Task prompt ->
Copy the listing exactly as given. Omit every picture.

Provided data ->

········

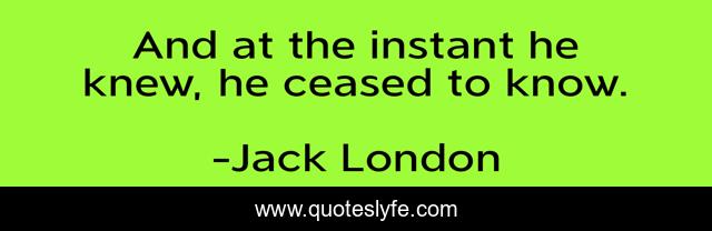 This page presents the quote "And at the instant he knew, he ceased to know.". Author of this quote is Jack London. This quote is about suicide, death-and-dying, realization,.
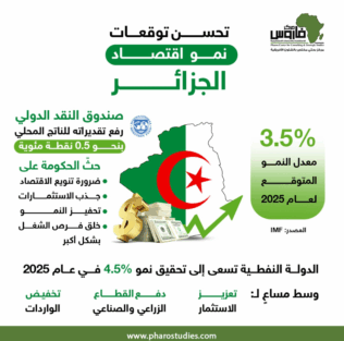 ووفق إنفوجراف لمركز فاروس للاستشا رات والدراسات الأفريقية، تطمح الجزائر أن يصل معدل النمو بنهاية العام الجاري إلى 4.5 % ن وسط مساع لتعزيز الاستثمار ودفع عجلة القطاع الزراعي والصناعي وتخفيض الواردات.
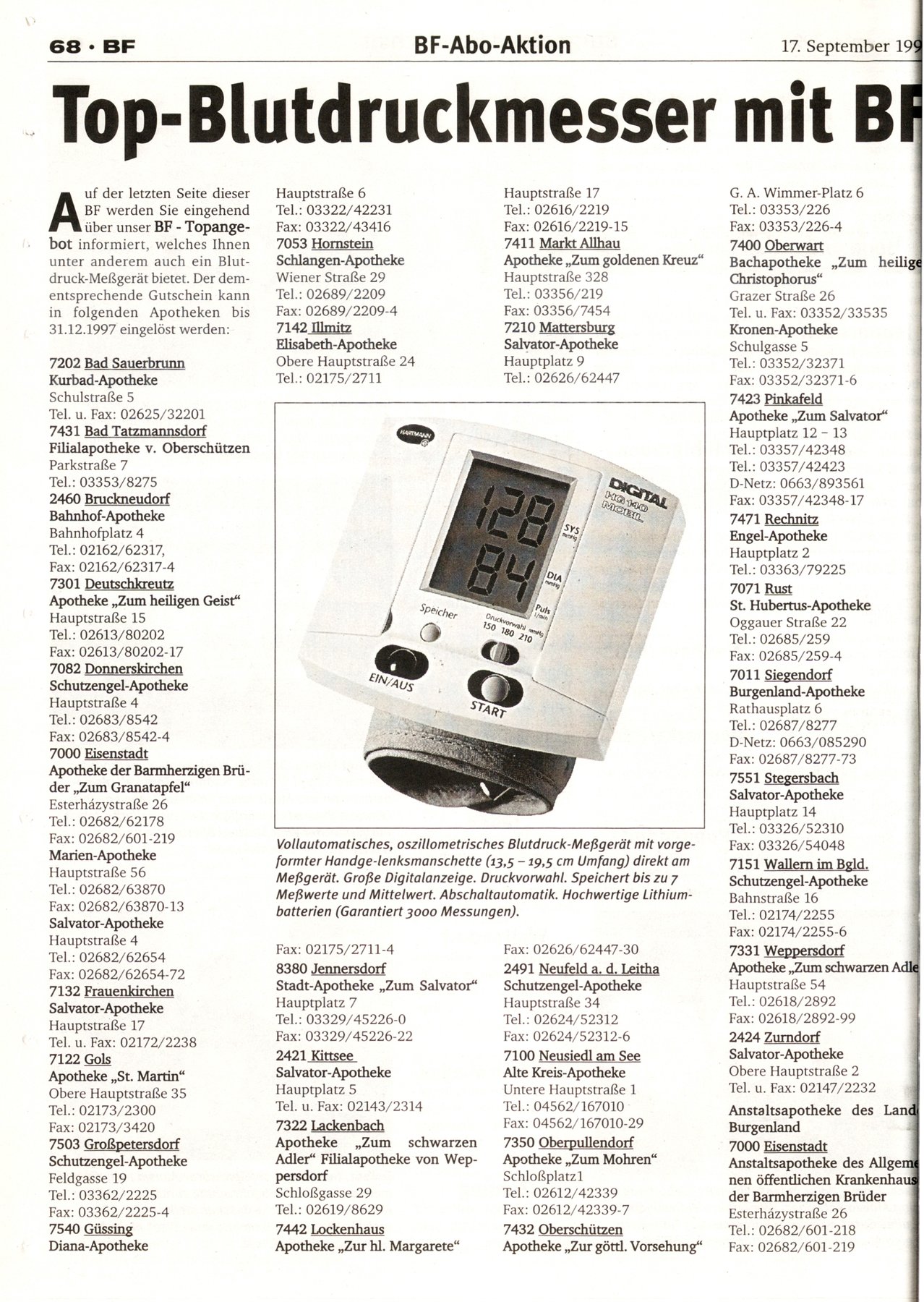 NR.38, 17. September 1997, 67.Jahrgang

········

Response area ->
 This page presents the quote "And at the instant he knew, he ceased to know.". Author of this quote is Jack London. This quote is about suicide, death-and-dying, realization,.
 ووفق إنفوجراف لمركز فاروس للاستشا رات والدراسات الأفريقية، تطمح الجزائر أن يصل معدل النمو بنهاية العام الجاري إلى 4.5 % ن وسط مساع لتعزيز الاستثمار ودفع عجلة القطاع الزراعي والصناعي وتخفيض الواردات.
 NR.38, 17. September 1997, 67.Jahrgang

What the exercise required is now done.